■ Assigned task: Full transcription, minus images: write out the listing below exactly as it appears.

■ Supplied material:
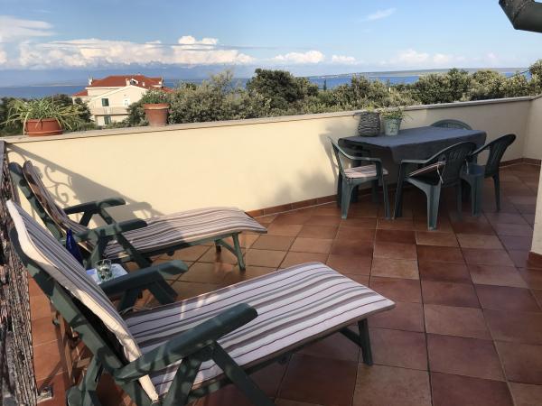 Apartament TENA (52 m2) znajduje się na pierwszym piętrze nowego domu rodzinnego. Jest w pełni umeblowane i wyposażone (klimatyzacja i Internet). Istnieją dwie sypialnie z 2 łóżkami każda, a dodatkowe łóżko można wykorzystać w salonie. Kuchnia jest przestronna, wyposażona we wszystkie niezbędne sprzęty. Z przestronnego tarasu roztacza się piękny widok na morze, wyspy Olib i Pag. Do dyspozycji gości kamienny grill na podwórku. Mieszkanie znajduje się około 200 metrów od morza. Odległość od centrum miasta (sklepy, restauracje, poczta i kawiarnie) wynosi około 3-5 minut spacerem, a do zachodniego wybrzeża Silby i pięknych piaszczystych i kamienistych plaż można dojść w 5-10 minut.
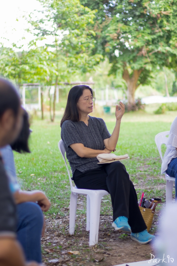 ช่วงเวลากว่าสามชั่วโมงจากกิจกรรมกับอาจารย์ทุกคนจนถึงส่วนสุดท้าย มีอาจารย์หลายท่านแชร์ว่าอยากนำกิจกรรมสำรวจผัสสะทั้งห้าไปใช้ก่อนเริ่มวิชาเลคเชอร์ในแต่ละครั้ง เพื่อชวนให้นักศึกษาได้เตรียมตัว รู้ตัวก่อนการเรียนรู้ และอยากใช้กิจกรรมวงแลกเปลี่ยนเรื่องตัวเองกับธรรมชาติเป็นเครื่องมือให้นักศึกษาในแต่ละชั้นปีสนิทกันมากขึ้นได้
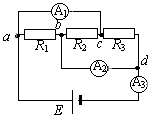 由于三个电流表都是理想电流表,即电流表的内阻都可忽略不计,电流表的两端电势相等,即a与c等电势、b与d等电势.从而三个电阻是并联关系,电流之比IR1:IR2:IR3=
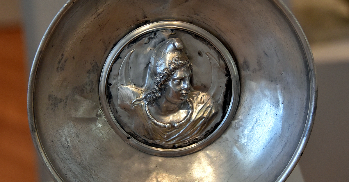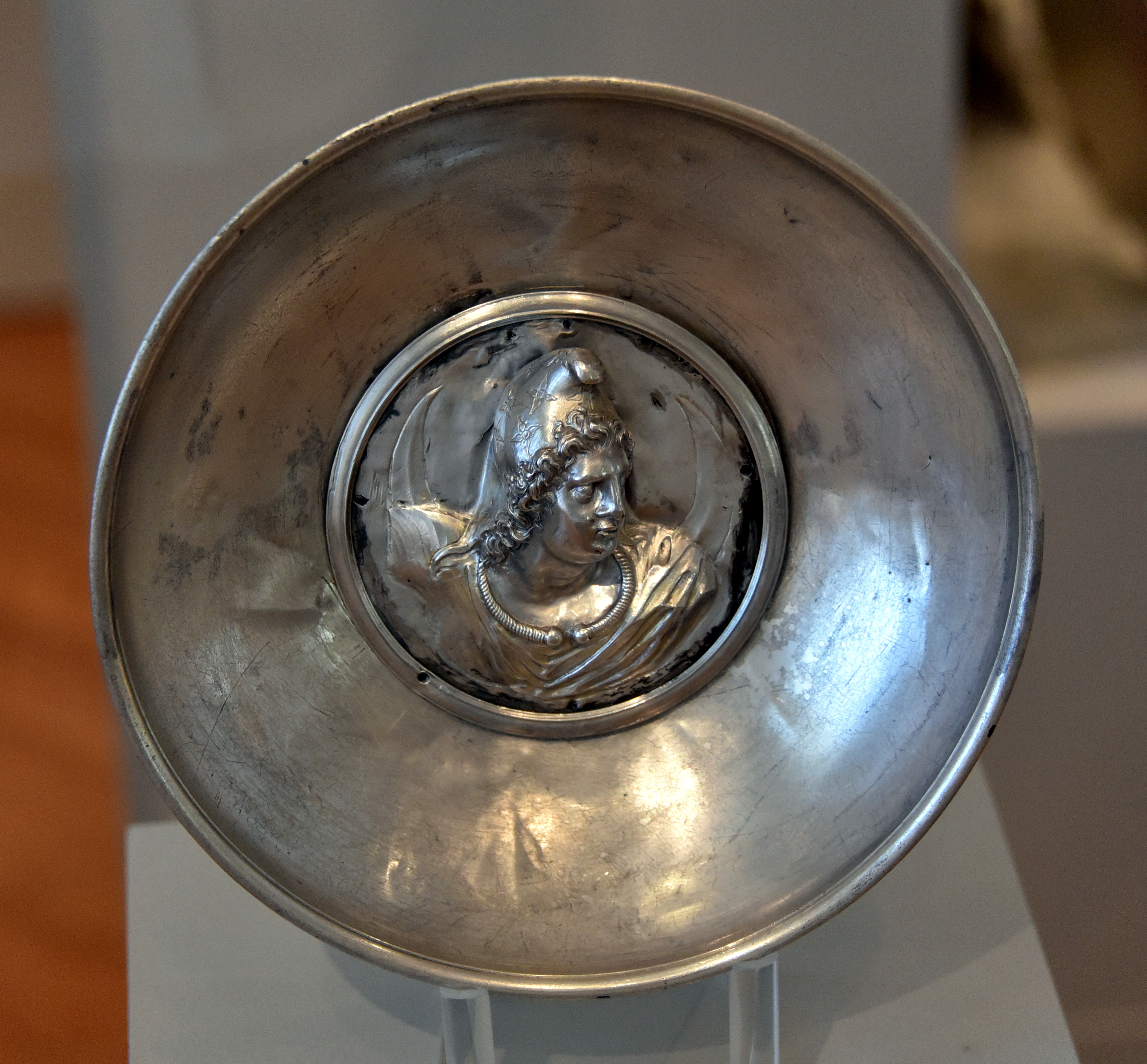 This bowl is part of the so-called "Hildesheim Treasure" and depicts a medallion of Attis. This relief probably had been originally attached to a piece of decorative armor as a military medal. The Hildesheim Treasure, consisting of more than 70 pieces, is one of the most substantial and qualitatively valuable treasure troves of antiquity. It represents a luxurious dinner service consisting of magnificent silver vessels, dining, and drinking tableware. Most certainly, this table service was produced in Italy. Silver, partly gilded, niello. Found 1868 CE in Hildesheim, Germany. 1st century BCE to 1st century CE. It is on display at the Altes Museum in Berlin, Germany.

■ Written solution:
 Apartament TENA (52 m2) znajduje się na pierwszym piętrze nowego domu rodzinnego. Jest w pełni umeblowane i wyposażone (klimatyzacja i Internet). Istnieją dwie sypialnie z 2 łóżkami każda, a dodatkowe łóżko można wykorzystać w salonie. Kuchnia jest przestronna, wyposażona we wszystkie niezbędne sprzęty. Z przestronnego tarasu roztacza się piękny widok na morze, wyspy Olib i Pag. Do dyspozycji gości kamienny grill na podwórku. Mieszkanie znajduje się około 200 metrów od morza. Odległość od centrum miasta (sklepy, restauracje, poczta i kawiarnie) wynosi około 3-5 minut spacerem, a do zachodniego wybrzeża Silby i pięknych piaszczystych i kamienistych plaż można dojść w 5-10 minut.
 ช่วงเวลากว่าสามชั่วโมงจากกิจกรรมกับอาจารย์ทุกคนจนถึงส่วนสุดท้าย มีอาจารย์หลายท่านแชร์ว่าอยากนำกิจกรรมสำรวจผัสสะทั้งห้าไปใช้ก่อนเริ่มวิชาเลคเชอร์ในแต่ละครั้ง เพื่อชวนให้นักศึกษาได้เตรียมตัว รู้ตัวก่อนการเรียนรู้ และอยากใช้กิจกรรมวงแลกเปลี่ยนเรื่องตัวเองกับธรรมชาติเป็นเครื่องมือให้นักศึกษาในแต่ละชั้นปีสนิทกันมากขึ้นได้
 由于三个电流表都是理想电流表,即电流表的内阻都可忽略不计,电流表的两端电势相等,即a与c等电势、b与d等电势.从而三个电阻是并联关系,电流之比IR1:IR2:IR3=
 This bowl is part of the so-called "Hildesheim Treasure" and depicts a medallion of Attis. This relief probably had been originally attached to a piece of decorative armor as a military medal. The Hildesheim Treasure, consisting of more than 70 pieces, is one of the most substantial and qualitatively valuable treasure troves of antiquity. It represents a luxurious dinner service consisting of magnificent silver vessels, dining, and drinking tableware. Most certainly, this table service was produced in Italy. Silver, partly gilded, niello. Found 1868 CE in Hildesheim, Germany. 1st century BCE to 1st century CE. It is on display at the Altes Museum in Berlin, Germany.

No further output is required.